# Records provided
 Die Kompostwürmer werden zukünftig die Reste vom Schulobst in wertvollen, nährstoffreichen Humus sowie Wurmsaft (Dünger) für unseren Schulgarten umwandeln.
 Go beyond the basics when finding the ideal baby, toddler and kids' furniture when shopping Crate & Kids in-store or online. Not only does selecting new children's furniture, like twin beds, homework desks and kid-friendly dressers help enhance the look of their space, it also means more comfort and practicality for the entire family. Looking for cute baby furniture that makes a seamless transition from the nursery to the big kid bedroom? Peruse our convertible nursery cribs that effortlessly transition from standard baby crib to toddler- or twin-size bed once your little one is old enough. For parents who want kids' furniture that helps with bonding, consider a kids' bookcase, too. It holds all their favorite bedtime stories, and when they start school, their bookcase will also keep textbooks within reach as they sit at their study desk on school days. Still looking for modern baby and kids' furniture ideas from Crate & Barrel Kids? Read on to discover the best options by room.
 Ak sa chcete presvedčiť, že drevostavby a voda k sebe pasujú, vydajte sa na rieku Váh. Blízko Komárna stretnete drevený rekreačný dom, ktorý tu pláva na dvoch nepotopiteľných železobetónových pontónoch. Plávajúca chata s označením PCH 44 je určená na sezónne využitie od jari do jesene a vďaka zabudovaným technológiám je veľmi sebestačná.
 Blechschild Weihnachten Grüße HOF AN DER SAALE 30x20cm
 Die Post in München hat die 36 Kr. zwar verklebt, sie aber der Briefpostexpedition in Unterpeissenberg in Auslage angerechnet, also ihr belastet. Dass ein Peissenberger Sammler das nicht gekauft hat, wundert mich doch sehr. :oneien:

---

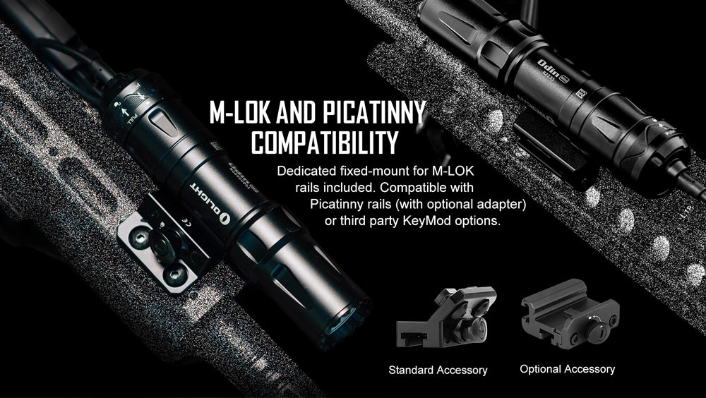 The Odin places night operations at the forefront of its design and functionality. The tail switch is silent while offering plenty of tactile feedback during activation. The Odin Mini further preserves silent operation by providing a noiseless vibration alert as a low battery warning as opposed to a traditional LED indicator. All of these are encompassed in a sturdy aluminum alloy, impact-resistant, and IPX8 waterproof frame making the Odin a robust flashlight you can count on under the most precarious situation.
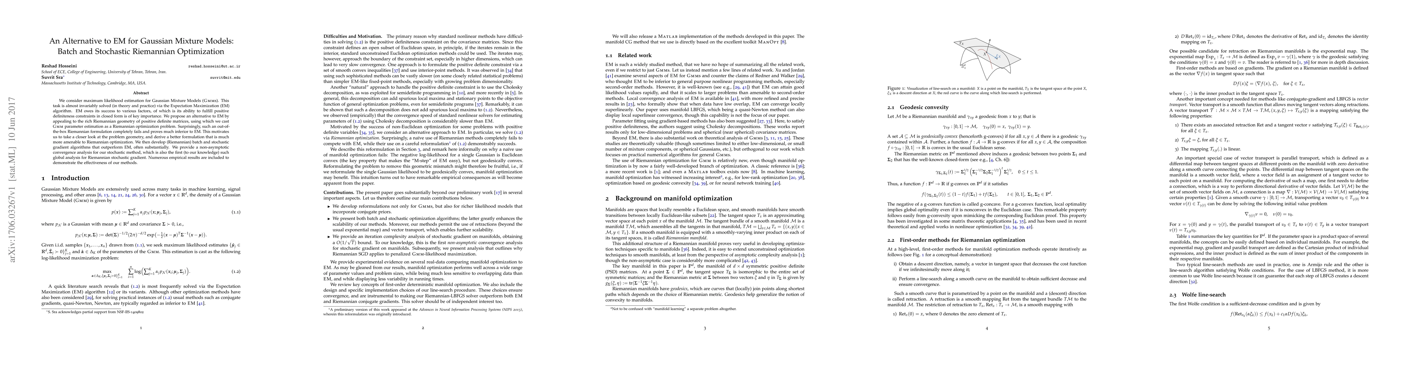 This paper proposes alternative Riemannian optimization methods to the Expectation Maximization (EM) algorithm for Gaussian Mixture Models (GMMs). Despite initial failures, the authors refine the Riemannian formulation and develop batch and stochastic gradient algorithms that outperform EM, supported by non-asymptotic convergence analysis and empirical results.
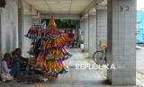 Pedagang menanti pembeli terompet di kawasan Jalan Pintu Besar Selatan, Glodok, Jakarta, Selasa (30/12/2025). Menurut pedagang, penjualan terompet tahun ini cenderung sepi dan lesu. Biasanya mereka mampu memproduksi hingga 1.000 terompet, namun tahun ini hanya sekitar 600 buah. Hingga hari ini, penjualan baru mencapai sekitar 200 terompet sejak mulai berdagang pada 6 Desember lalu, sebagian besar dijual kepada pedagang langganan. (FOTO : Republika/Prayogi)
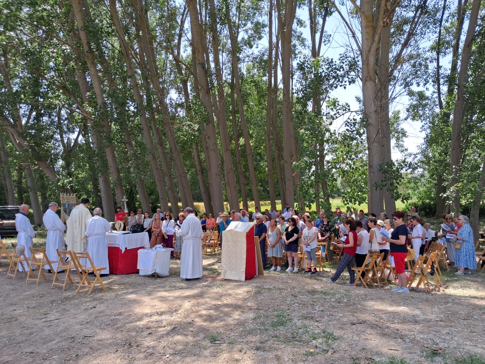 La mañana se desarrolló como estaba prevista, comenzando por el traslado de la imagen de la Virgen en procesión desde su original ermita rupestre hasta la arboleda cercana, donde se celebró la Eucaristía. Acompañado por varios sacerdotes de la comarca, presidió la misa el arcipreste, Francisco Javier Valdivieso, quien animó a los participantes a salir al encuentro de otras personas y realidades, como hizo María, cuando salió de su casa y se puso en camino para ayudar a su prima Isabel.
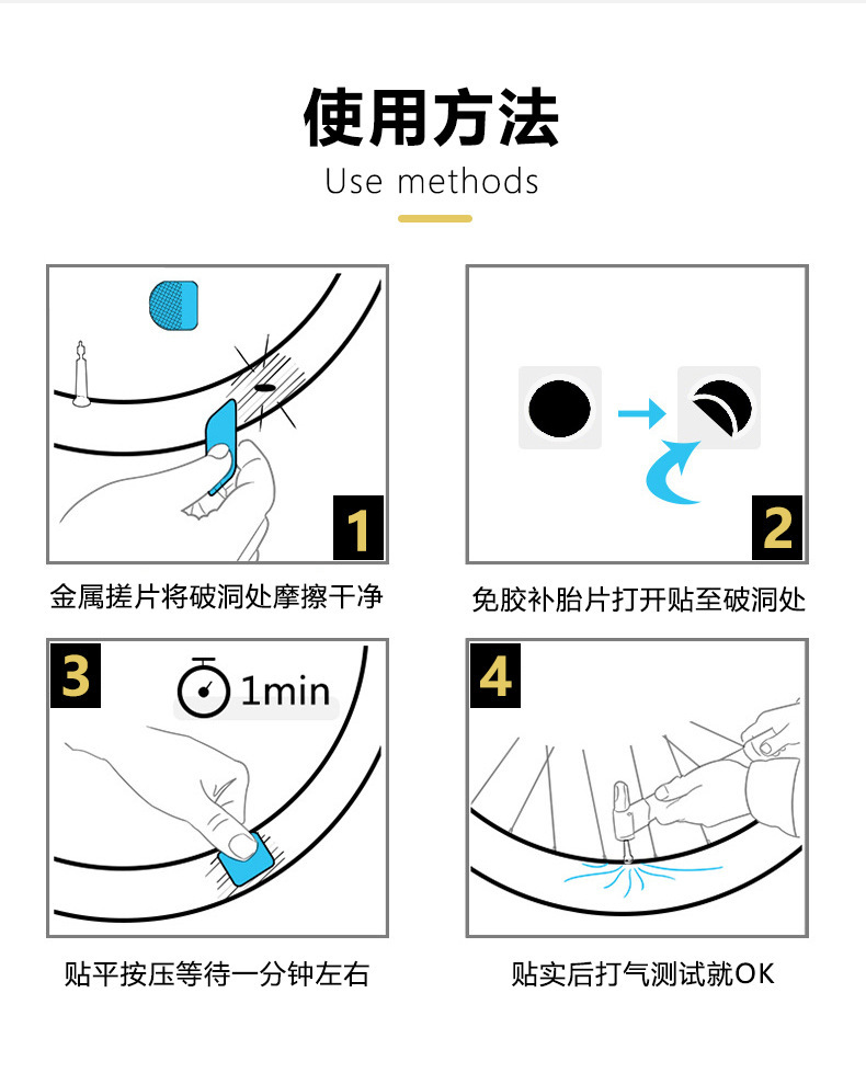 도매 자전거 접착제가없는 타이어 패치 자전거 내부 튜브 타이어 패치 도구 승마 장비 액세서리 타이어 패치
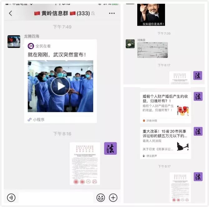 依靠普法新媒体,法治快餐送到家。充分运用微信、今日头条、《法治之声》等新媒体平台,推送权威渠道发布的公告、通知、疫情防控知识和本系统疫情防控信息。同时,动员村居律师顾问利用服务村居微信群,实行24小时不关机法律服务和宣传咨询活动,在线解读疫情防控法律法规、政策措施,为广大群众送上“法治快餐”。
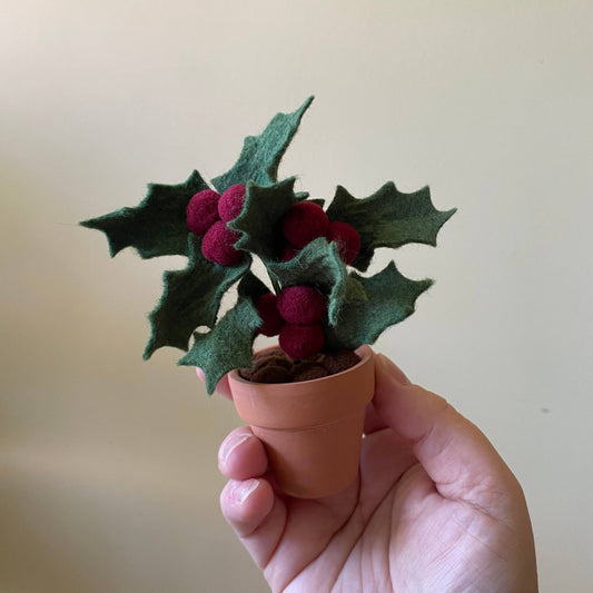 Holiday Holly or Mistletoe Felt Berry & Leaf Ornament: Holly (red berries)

...

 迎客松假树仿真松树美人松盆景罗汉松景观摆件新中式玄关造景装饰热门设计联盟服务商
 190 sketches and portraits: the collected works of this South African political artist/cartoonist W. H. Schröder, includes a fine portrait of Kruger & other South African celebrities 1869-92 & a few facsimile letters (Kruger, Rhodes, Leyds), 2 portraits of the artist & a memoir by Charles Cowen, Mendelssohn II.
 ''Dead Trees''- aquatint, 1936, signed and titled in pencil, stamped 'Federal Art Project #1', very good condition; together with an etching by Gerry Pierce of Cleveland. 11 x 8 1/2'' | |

# What you should do
Scan the records above for the lines holding "Die Kompostwürmer werden" and "Die Post in". Transcribe those two and every line between them word for word, and no others.

# Exercise response
 Die Kompostwürmer werden zukünftig die Reste vom Schulobst in wertvollen, nährstoffreichen Humus sowie Wurmsaft (Dünger) für unseren Schulgarten umwandeln.
 Go beyond the basics when finding the ideal baby, toddler and kids' furniture when shopping Crate & Kids in-store or online. Not only does selecting new children's furniture, like twin beds, homework desks and kid-friendly dressers help enhance the look of their space, it also means more comfort and practicality for the entire family. Looking for cute baby furniture that makes a seamless transition from the nursery to the big kid bedroom? Peruse our convertible nursery cribs that effortlessly transition from standard baby crib to toddler- or twin-size bed once your little one is old enough. For parents who want kids' furniture that helps with bonding, consider a kids' bookcase, too. It holds all their favorite bedtime stories, and when they start school, their bookcase will also keep textbooks within reach as they sit at their study desk on school days. Still looking for modern baby and kids' furniture ideas from Crate & Barrel Kids? Read on to discover the best options by room.
 Ak sa chcete presvedčiť, že drevostavby a voda k sebe pasujú, vydajte sa na rieku Váh. Blízko Komárna stretnete drevený rekreačný dom, ktorý tu pláva na dvoch nepotopiteľných železobetónových pontónoch. Plávajúca chata s označením PCH 44 je určená na sezónne využitie od jari do jesene a vďaka zabudovaným technológiám je veľmi sebestačná.
 Blechschild Weihnachten Grüße HOF AN DER SAALE 30x20cm
 Die Post in München hat die 36 Kr. zwar verklebt, sie aber der Briefpostexpedition in Unterpeissenberg in Auslage angerechnet, also ihr belastet. Dass ein Peissenberger Sammler das nicht gekauft hat, wundert mich doch sehr. :oneien:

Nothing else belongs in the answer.